In the Maritime Environmental Protection Programme, strategic initiatives implemented included environmental risk management through the implementation of the National Maritime Contingency Plan,  and ensuring the safety of the maritime environment through improved maritime casualty response and management, as well as the monitoring of oil spills. The challenges in this programme included the fact that there was no funding for incident response, the non-ratification of international instruments aimed at mitigating maritime pollution, and inadequate response capacity.

SAMSA’s  Maritime Sector Development Programme had, as one of its particular highlights, the Cadetship Programme in which over 100 cadets had secured berths.

The financial statements were outlined. SAMSA’s total revenue in the 2011/12 year was R2.5 billion. A serious point was that cash from operating activities had dropped by 66%. The total revenue had increased marginally from the previous year, while its deficit had reduced significantly.

Ms N Ngele (ANC) asked how SAMSA went about advertising, to recruit young people such as students.

Tsietsi Mokhele, Chief Executive Officer, SAMSA, answered that such advertising was done in both local and national media.

Mr Mbhele said that the improvements made in SAMSA were commendable and encouraging. However, he asked why the figure of R1.2 million per day for emergency response operations was so high.

Mokhele answered that this figure was taken as an average and was only in emergency cases.

Mr Mbhele asked for the names of the Further Education and Training Colleges with whom SAMSA was working.

Mr Mokhele said that twelve such colleges had been identified. These colleges were also provided with capacity assistance where needed.

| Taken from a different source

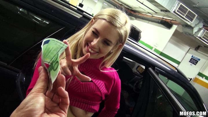 Alluring blonde minx Sydney Cole picks up a fellow and sucks his huge cock
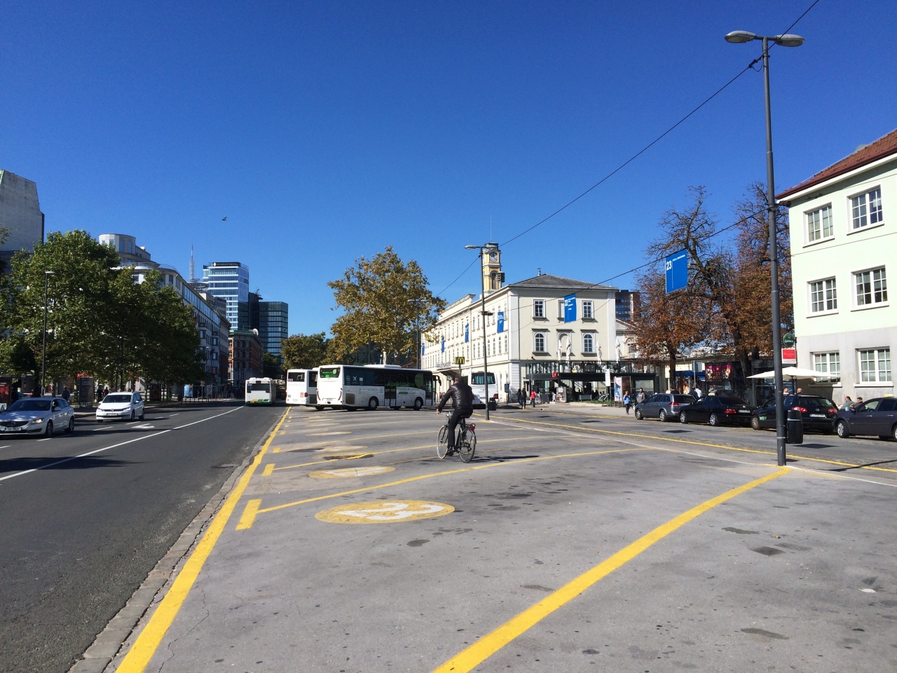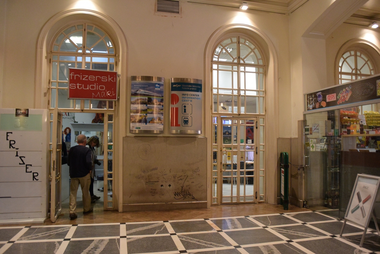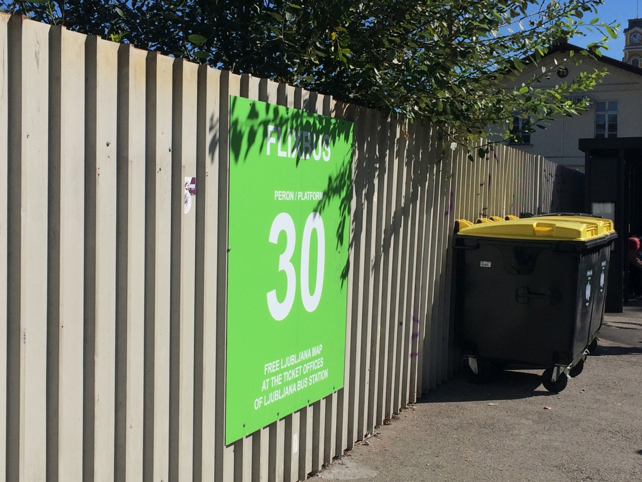 鉄道リュブリャナ駅の線路沿いの道に長距離バス会社のバス停があります。

Mr Ollis asked whether an emergency fund could not be created, so as to prevent the situation where the Auditor-General had to note irregular expenditure in SAMSA. He wondered also if any thought had been given to speeding up procedures that had to be followed at present before responding to ships that ran aground.

Mokhele answered that SAMSA had debated the matter with National Treasury and it had now found that there was currently such a fund from which emergency funds could be unlocked. It was also looking into different models that could be introduced and that would not place too heavy a burden on the taxpayer. The response time needed to be shortened, and although this could not always be guaranteed under certain oceanic conditions, SAMSA was looking into ways to improve this aspect.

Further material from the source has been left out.